There’s my maternal grandfather, in a stiff collar and suit, unsmiling, standing tall before the camera. In the formal family portrait hanging on the wall, he is standing beside his wife, Grandma Annie, and she is holding their first child, my mother’s oldest sister.

He was a first-generation American, a proud “Yankee” who came here by himself from Russia when he was 13. That can toughen up a kid. He died when I was 4. By all accounts he was an emotional, hot-tempered man, not particularly empathic and probably not aware of what the word meant. He didn’t talk about feelings; men of his day didn’t know how.

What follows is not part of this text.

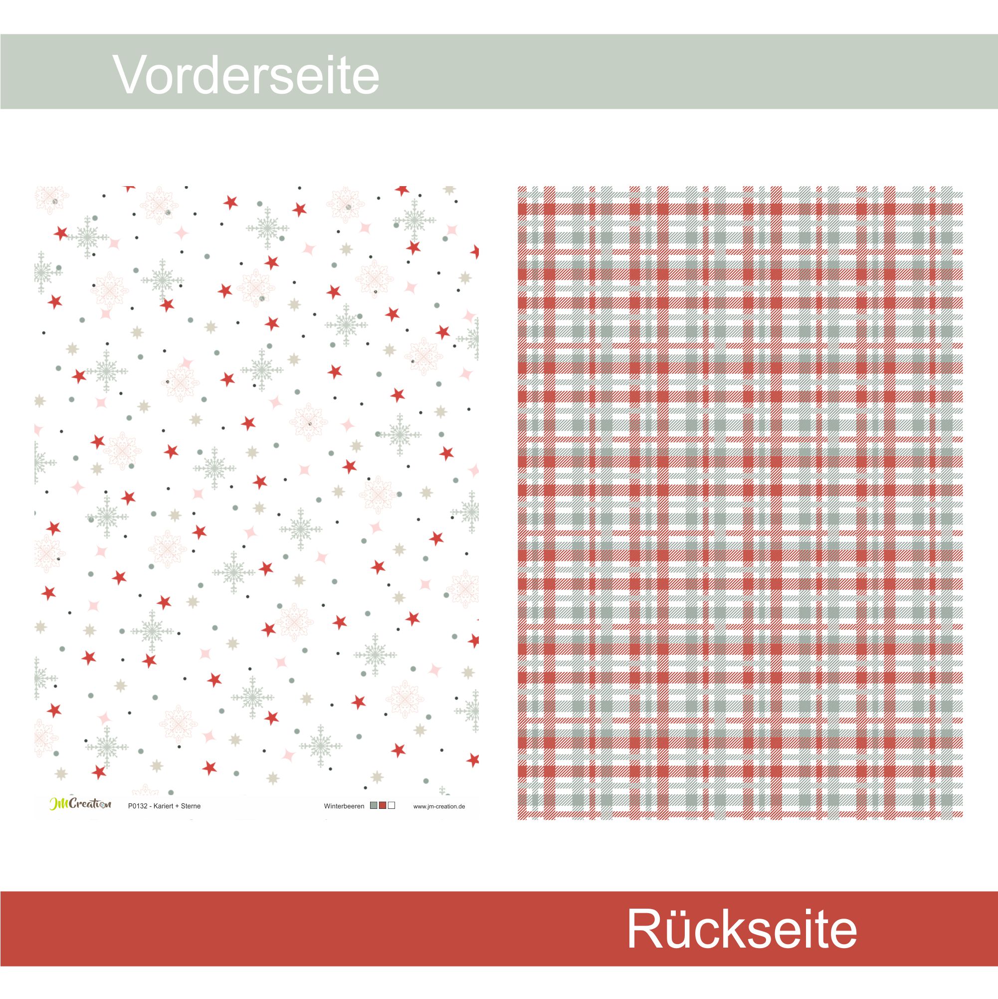 Kariert + Sterne - Serie Winterbeeren - Designpapier
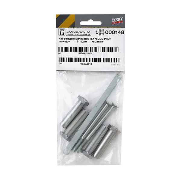 Удлиняющий набор ROSTEX SOLID-PRO+ - это комплект, который предназначен для защитной фурнитуры ROSTEX SOLID-PRO+ в варианте, где обе ручки являются нажимными. Позволяет установить их на двери толщиной полотна 71-80 мм.

His Canarsie apartment was his castle, and he was the absolute ruler of the family of four.

The only breadwinner, he worked as a tailor, earned a modest income and doled out every penny with an autocratic flourish. His oldest daughter (the one on Annie’s lap in the photo) couldn’t wait to get out of the house. She ran away when she was 16, into a doomed marriage.

My dad moved up the evolutionary ladder. He was pretty much an old-time father, primary provider, go-to guy for big decisions. Raising daughters was a mystery to him, so he taught us to fish and throw a ball when we were little. When we had crying fits and dramatic teenage meltdowns, he escaped into his books. Feelings, as a topic of discussion, were not on his radar.

But something happened around age 65. As he grew older, remarkably, he seemed to notice what was going on in the world of relationships, the shifting sands of gender roles. One night he actually got up from the table with a plate in his hand and brought it into the kitchen. A modest step, but there was no going back.